◆ **Task item**
With the pictures omitted, print exactly the lines below, from the one containing "A misty mountain" through the one containing "商品名:NAUTICA JEANS/ノーティカジーンズ チェック柄", and nothing else.

[Provided records — start]

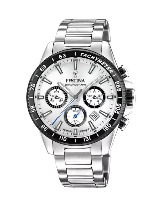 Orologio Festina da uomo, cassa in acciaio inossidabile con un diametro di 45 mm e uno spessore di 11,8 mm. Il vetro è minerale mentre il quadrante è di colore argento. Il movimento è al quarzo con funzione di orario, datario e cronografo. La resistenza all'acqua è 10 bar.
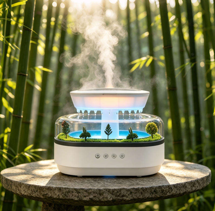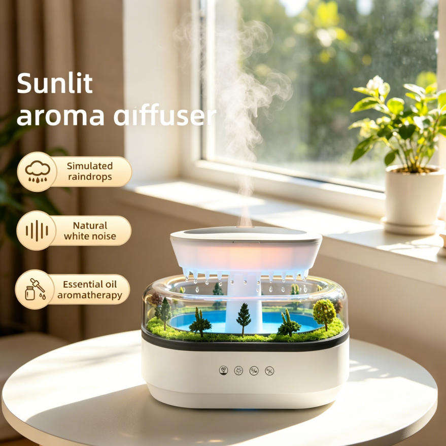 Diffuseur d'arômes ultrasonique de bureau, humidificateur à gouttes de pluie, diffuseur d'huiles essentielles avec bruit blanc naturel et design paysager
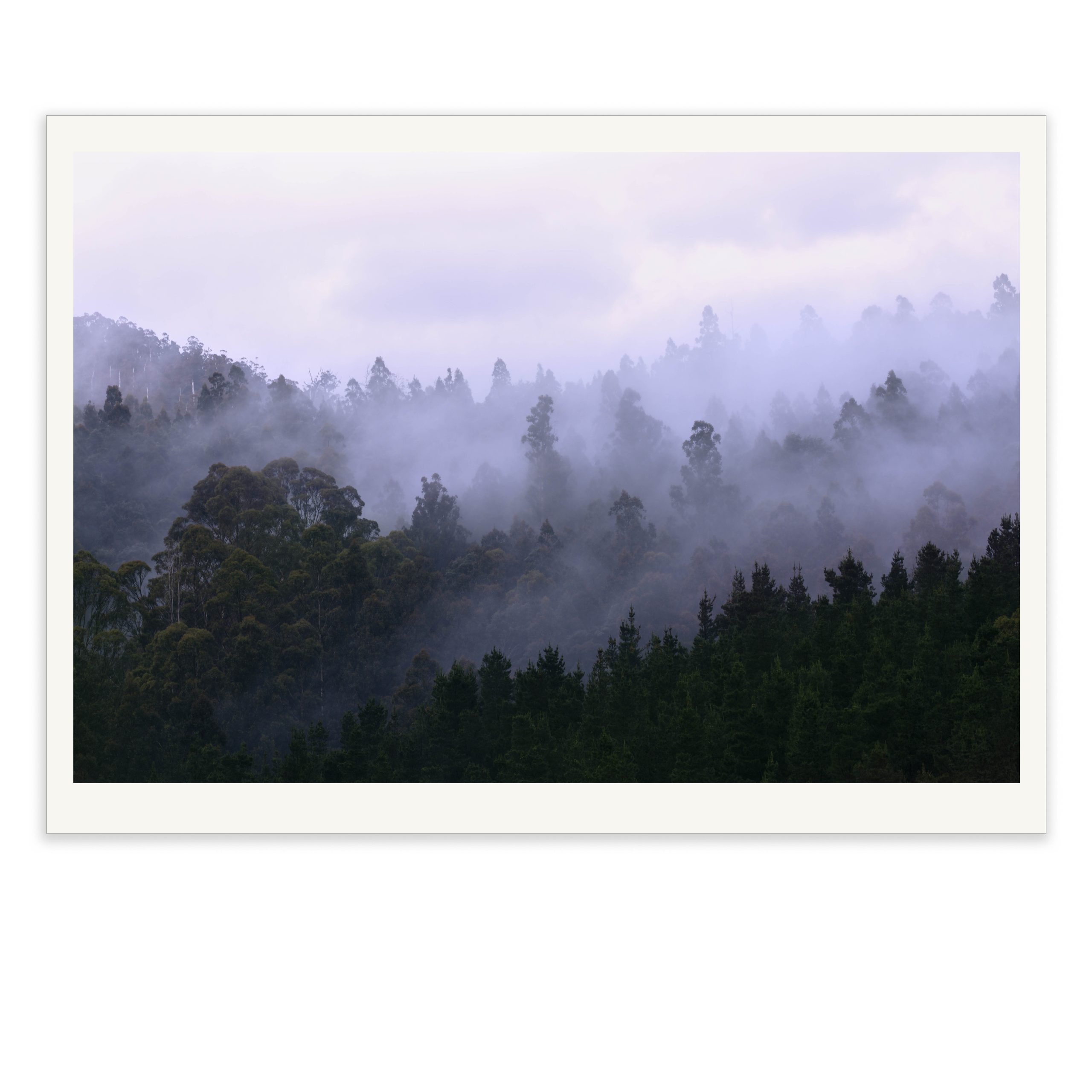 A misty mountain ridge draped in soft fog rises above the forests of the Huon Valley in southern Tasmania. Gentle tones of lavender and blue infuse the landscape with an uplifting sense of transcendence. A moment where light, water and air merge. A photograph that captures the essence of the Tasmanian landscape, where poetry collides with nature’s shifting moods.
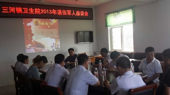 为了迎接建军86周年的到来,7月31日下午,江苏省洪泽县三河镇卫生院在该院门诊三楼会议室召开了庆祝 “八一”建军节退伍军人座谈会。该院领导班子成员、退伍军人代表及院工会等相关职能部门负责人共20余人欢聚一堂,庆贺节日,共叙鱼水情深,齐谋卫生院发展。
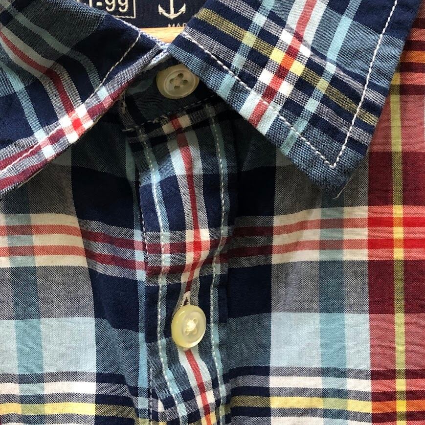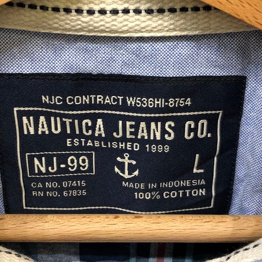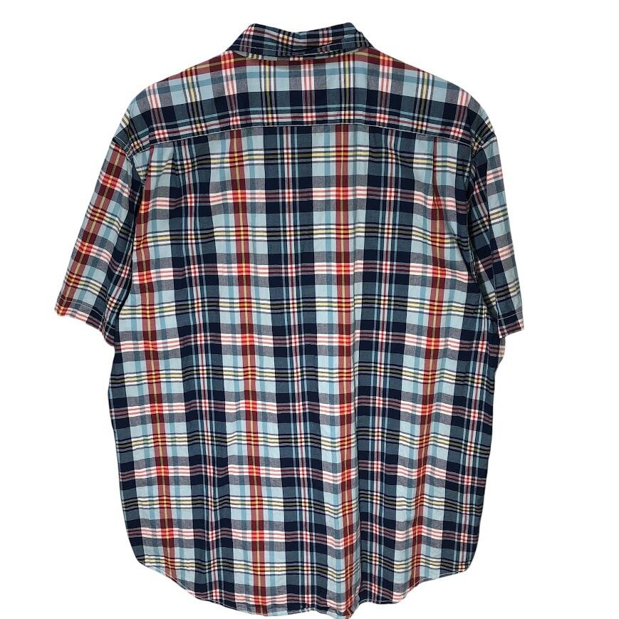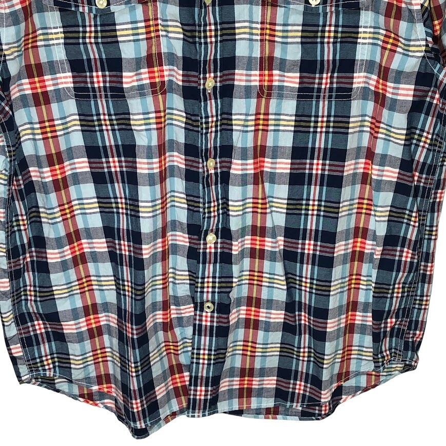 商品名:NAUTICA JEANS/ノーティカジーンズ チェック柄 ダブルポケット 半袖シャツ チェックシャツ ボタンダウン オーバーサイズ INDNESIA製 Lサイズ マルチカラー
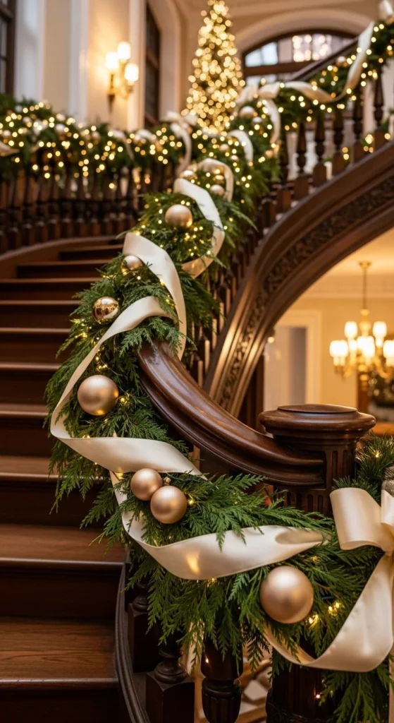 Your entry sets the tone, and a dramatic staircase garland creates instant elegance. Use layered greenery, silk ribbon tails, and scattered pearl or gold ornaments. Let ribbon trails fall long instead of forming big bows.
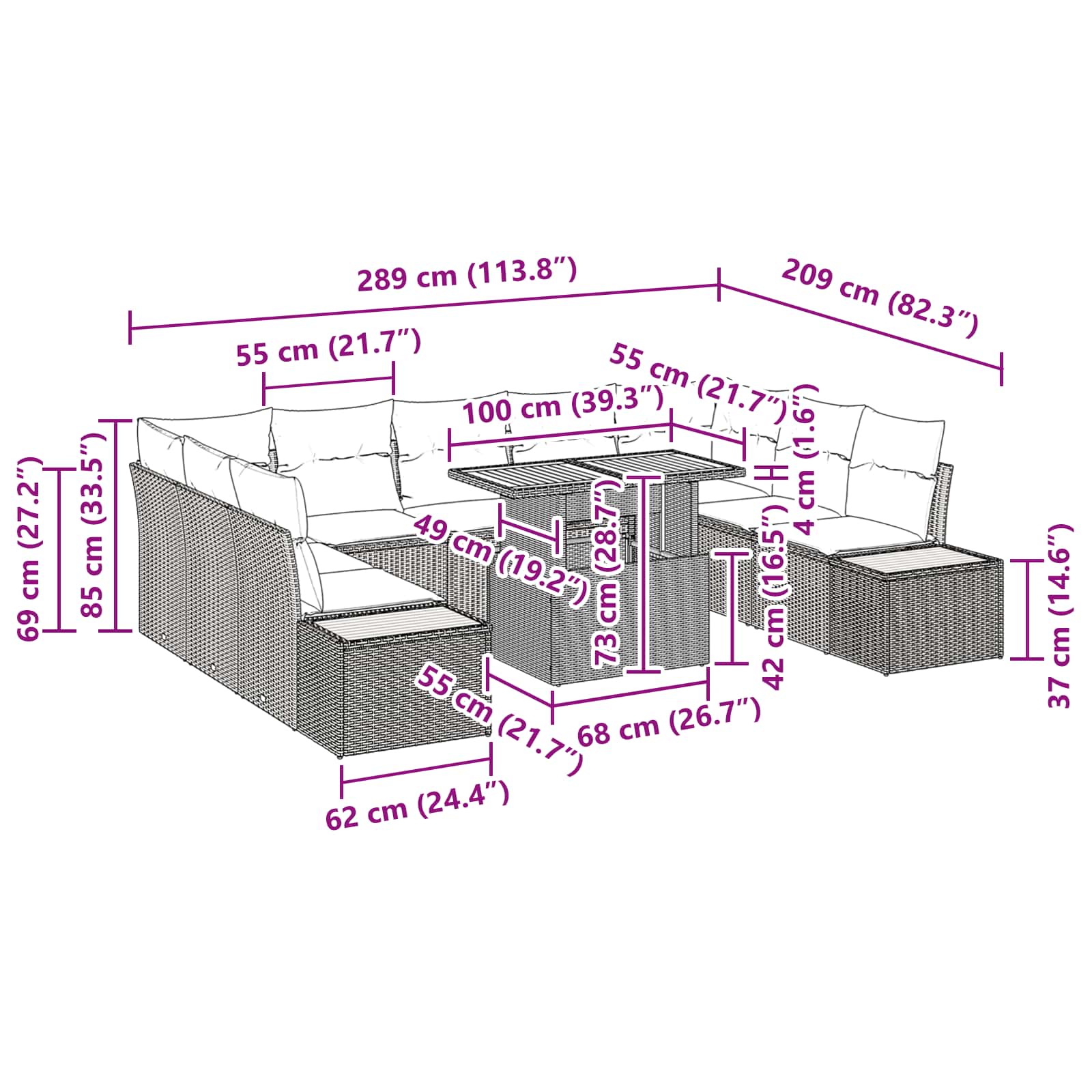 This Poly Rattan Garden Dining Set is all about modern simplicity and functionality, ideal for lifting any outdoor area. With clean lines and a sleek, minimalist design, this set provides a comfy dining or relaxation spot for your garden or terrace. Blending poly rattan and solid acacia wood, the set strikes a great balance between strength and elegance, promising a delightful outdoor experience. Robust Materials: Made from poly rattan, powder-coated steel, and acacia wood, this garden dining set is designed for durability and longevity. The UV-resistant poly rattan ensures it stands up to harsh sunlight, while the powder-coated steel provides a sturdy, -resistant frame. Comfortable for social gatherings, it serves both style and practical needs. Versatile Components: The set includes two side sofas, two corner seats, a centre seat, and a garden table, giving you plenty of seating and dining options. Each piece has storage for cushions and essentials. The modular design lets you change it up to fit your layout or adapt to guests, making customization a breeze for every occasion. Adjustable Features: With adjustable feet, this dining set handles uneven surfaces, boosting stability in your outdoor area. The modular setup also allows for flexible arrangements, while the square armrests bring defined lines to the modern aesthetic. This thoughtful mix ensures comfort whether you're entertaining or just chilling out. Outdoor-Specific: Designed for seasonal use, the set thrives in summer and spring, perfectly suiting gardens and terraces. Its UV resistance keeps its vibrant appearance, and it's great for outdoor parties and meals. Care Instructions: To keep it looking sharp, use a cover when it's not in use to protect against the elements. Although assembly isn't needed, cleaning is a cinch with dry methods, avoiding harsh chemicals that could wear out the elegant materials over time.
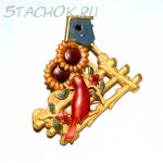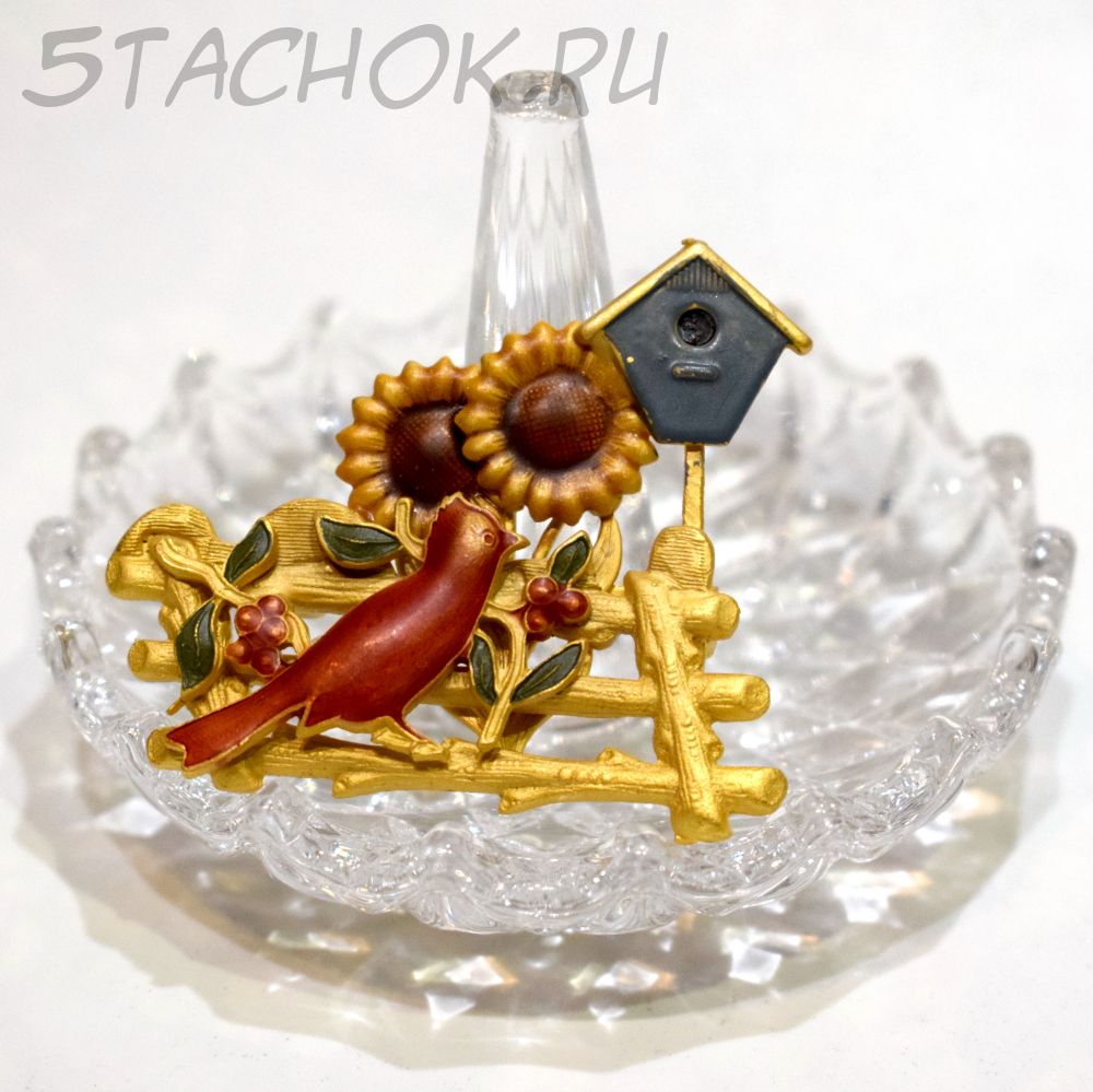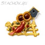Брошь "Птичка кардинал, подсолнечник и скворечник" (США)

[Provided records — finish]

◆ **Solution to this problem**
 A misty mountain ridge draped in soft fog rises above the forests of the Huon Valley in southern Tasmania. Gentle tones of lavender and blue infuse the landscape with an uplifting sense of transcendence. A moment where light, water and air merge. A photograph that captures the essence of the Tasmanian landscape, where poetry collides with nature’s shifting moods.
 为了迎接建军86周年的到来,7月31日下午,江苏省洪泽县三河镇卫生院在该院门诊三楼会议室召开了庆祝 “八一”建军节退伍军人座谈会。该院领导班子成员、退伍军人代表及院工会等相关职能部门负责人共20余人欢聚一堂,庆贺节日,共叙鱼水情深,齐谋卫生院发展。
 商品名:NAUTICA JEANS/ノーティカジーンズ チェック柄 ダブルポケット 半袖シャツ チェックシャツ ボタンダウン オーバーサイズ INDNESIA製 Lサイズ マルチカラー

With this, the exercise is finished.